I decided that I needed to tackle this head on, and put myself in a situation where I would have to put myself out there, so I applyd for a visa to work abroad in Canada......

Wieredly enough, just me applying for the visa gave me a huge boast of confidence, as rather than asking the usual questions like 'whats the problem with me' I felt that I was doing something to change myself for the better. I took this new confidence out to Canada, and whenever I felt that people would 'judge' me negatively I just kept saying that I will never see them again in my life, so why should I care?!

Now that I am back home, its like I have a new outlook on life, and whenever I feel like there is a situation where I am overwhealmed, I think back on the courage it took for me to live in another country, and off course all the great memory's that I have taken back from my 8 month stay

I would very much recomend travelling to any SA suffers, but Im sure there are many other ways of dealing with it. The underling point I wish to make is that confronting the problem will make you stronger, rather than building up worry's in your head until it feels that your sufforcated by the fear

Good luck with whatever path you choose!


----------



## forever_dreamer (Jul 8, 2008)

Congrats! Glad it worked out for you! Maybe I should travel or something buy anyway I'm glad you're doing better!


----------



## kanarazu (Jul 4, 2009)

I looooove this idea! Even getting out of the city seems to help, but going to another country where no one knows you sounds like a great idea


----------



## Oppilolik (Jul 11, 2009)

I've been wanting to travel for a bit, I know there was this program where you could go work on a farm in Iceland for 3 months, everything was sorted for you, accommodation, food, tools and what not, all you had to do was get yourself there (and a visa I suppose). I'm thinking of doing it sometime in the next 3 years.
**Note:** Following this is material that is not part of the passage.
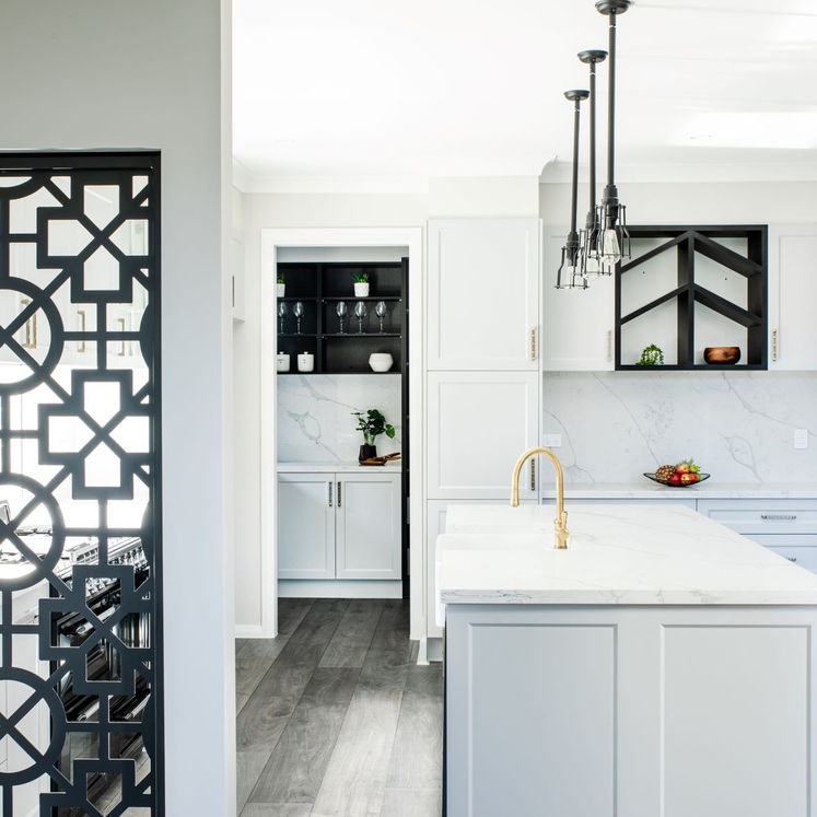 Focusing on the finer details within the light fixtures and the joinery, patterns emerge throughout the home tying each of the spaces together. A custom made privacy screen built in to a niche in the kitchen creates the perfect partial screen while allowing full visibility of the kids playing in their toy room while mum's cooking in the kitchen.
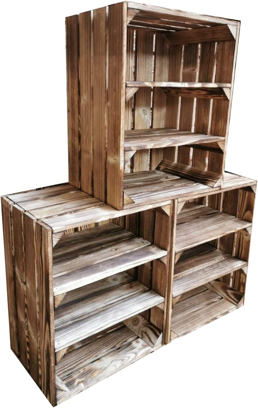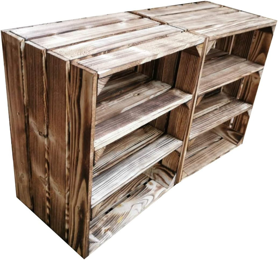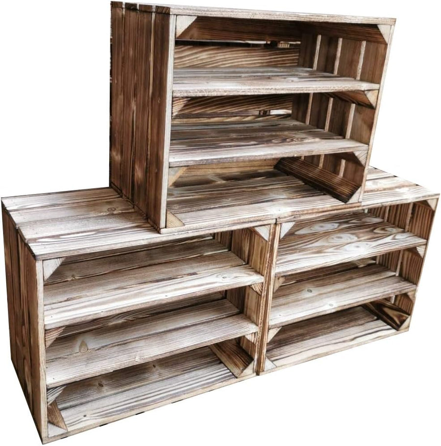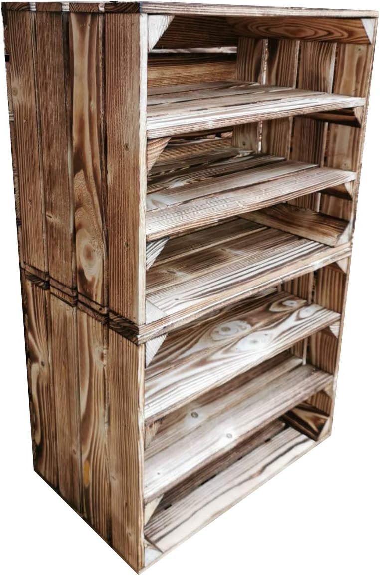 Massive Holzkisten Schuhregal Bücherregal GEFLAMMT Zwischenbrett Apfelkisten Obstkisten Weinkisten K

Also nice to see someone else from Hampshire, UK.


----------



## TheUnwelcome (Jul 9, 2009)

Yes I think of traveling as well all the time. The problem is that I feel kinda trapped here at the moment. I am so close to getting my degree and I receive financial aid so I don't want to just leave right now and dump it.

I think some sort of buddhist zen monastery or spiritual place where you live elsewhere for a while and get away from the fast paced society would do a great deal for social anxiety.


----------



## decodude (Feb 28, 2004)

*Here is that place*

"I think some sort of buddhist zen monastery or spiritual place where you live elsewhere for a while and get away from the fast paced society would do a great deal for social anxiety."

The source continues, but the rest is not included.